▶ **SOURCE DATA**
- Opening Delimiter -

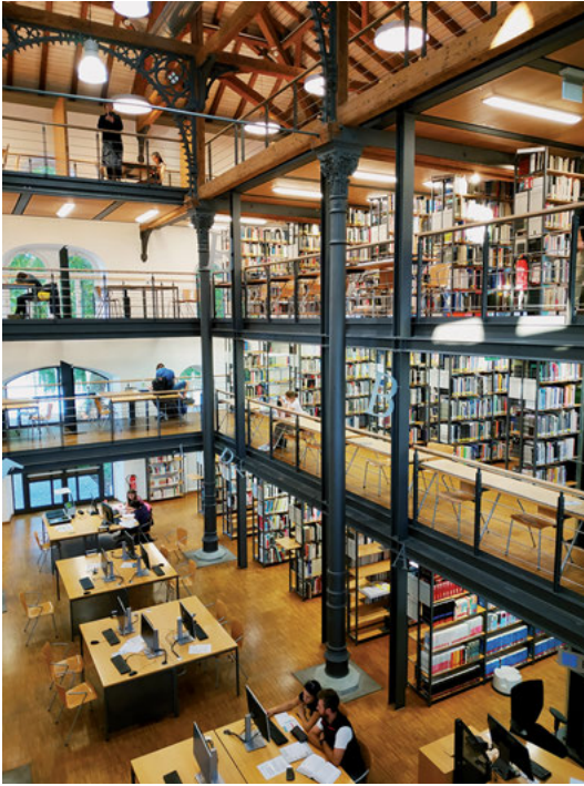
Fig. 11: Library interior, HTWG University of Applied Sciences, Konstanz.

offices for the Portuguese government including the Judiciary Police headquarters and then became a courthouse. It is a designated structure of importance. While the project has recently been abandoned, it is an interesting example of a reuse proposal ( https://www.macaubusiness.com/new-central-library-project-at-old-court-building-abandoned/ ) and pleasingly plans for a spectacular new Central Library in Macau have just been announced.
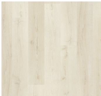
IRIS | 433
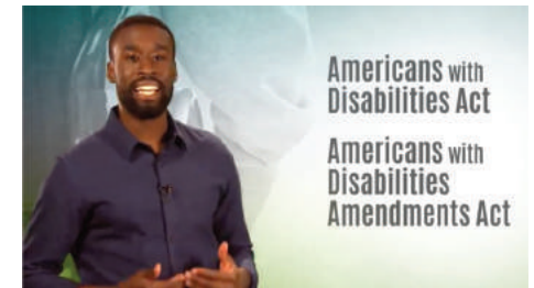
Americans with Disabilities Act

"Everyone deserves to work in a safe and harassment-free environment."
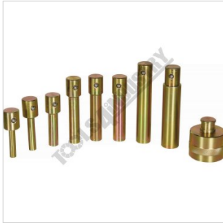
Pin Set & Adaptor
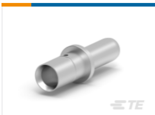
TE Part #SRK-PC-080-25-601 PIN, SOLID, SIZE M8, 25mm2, AG
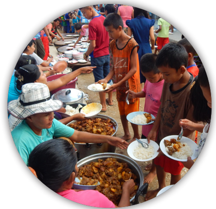
H5 - Family Portion

Every kitchen needs pots and pans, an essential tool for preparing / serving food.
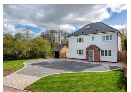
Holly Cottage, Wolverhampton Road, Pattingham
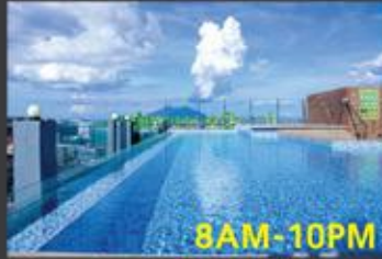
Infinity Pool & Jacuzzi

- Closing Delimiter -

▶ **WHAT YOU SHOULD DO**
Only the lines from the one holding "Pin Set & Adaptor" through the end of the records belong in the answer, copied exactly and without pictures.

▶ **REPLY TO THE EXERCISE**
Pin Set & Adaptor
TE Part #SRK-PC-080-25-601 PIN, SOLID, SIZE M8, 25mm2, AG
H5 - Family Portion

Every kitchen needs pots and pans, an essential tool for preparing / serving food.
Holly Cottage, Wolverhampton Road, Pattingham
Infinity Pool & Jacuzzi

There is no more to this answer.